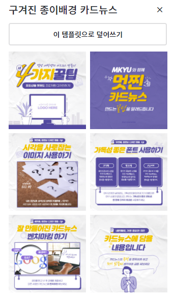 선택하면 이렇게 나와요. 여기서 하나만 선택해서 사용할 수 있고, 위에 '이 템플릿으로 덮어쓰기' 하면 모든 템플릿들이 내 캔버스(하얀 화면)에 덮어씌워집니다.
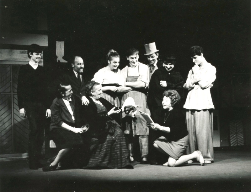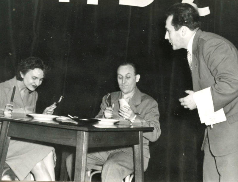Milan Kyška (uprostřed) v divadelní scénce při MDŽ podniku Elektrosignál - snad tedy "začátek divadelní kariéry"?, 1960
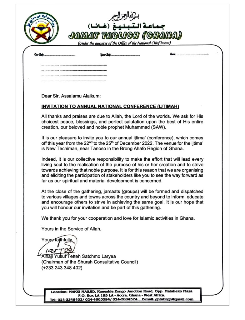Ghana upcoming Ijtema, under the guidelines of World Markaz Nizamudidin & will be from 22-25 December 2022 InshaAllah. Ghana Shura issued invitation letter for this purposes.
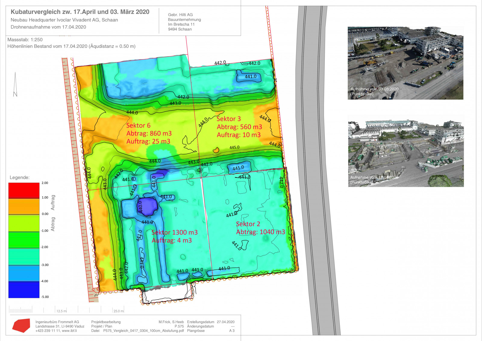 Umfang | Einmessung der Baugrube zur Ermittlung des Aushubvolumens mittels Drohnenvermessung in drei Etappen. Auswertung und Prozessierung der Luftbilder zur 3D-Punktwolke mit anschliessender Kubaturberechnung. |

◆ **Exercise directions**
Write the listing above out again word for word, excluding all images.

◆ **Answer space**
 선택하면 이렇게 나와요. 여기서 하나만 선택해서 사용할 수 있고, 위에 '이 템플릿으로 덮어쓰기' 하면 모든 템플릿들이 내 캔버스(하얀 화면)에 덮어씌워집니다.
Milan Kyška (uprostřed) v divadelní scénce při MDŽ podniku Elektrosignál - snad tedy "začátek divadelní kariéry"?, 1960
Ghana upcoming Ijtema, under the guidelines of World Markaz Nizamudidin & will be from 22-25 December 2022 InshaAllah. Ghana Shura issued invitation letter for this purposes.
 Umfang | Einmessung der Baugrube zur Ermittlung des Aushubvolumens mittels Drohnenvermessung in drei Etappen. Auswertung und Prozessierung der Luftbilder zur 3D-Punktwolke mit anschliessender Kubaturberechnung. |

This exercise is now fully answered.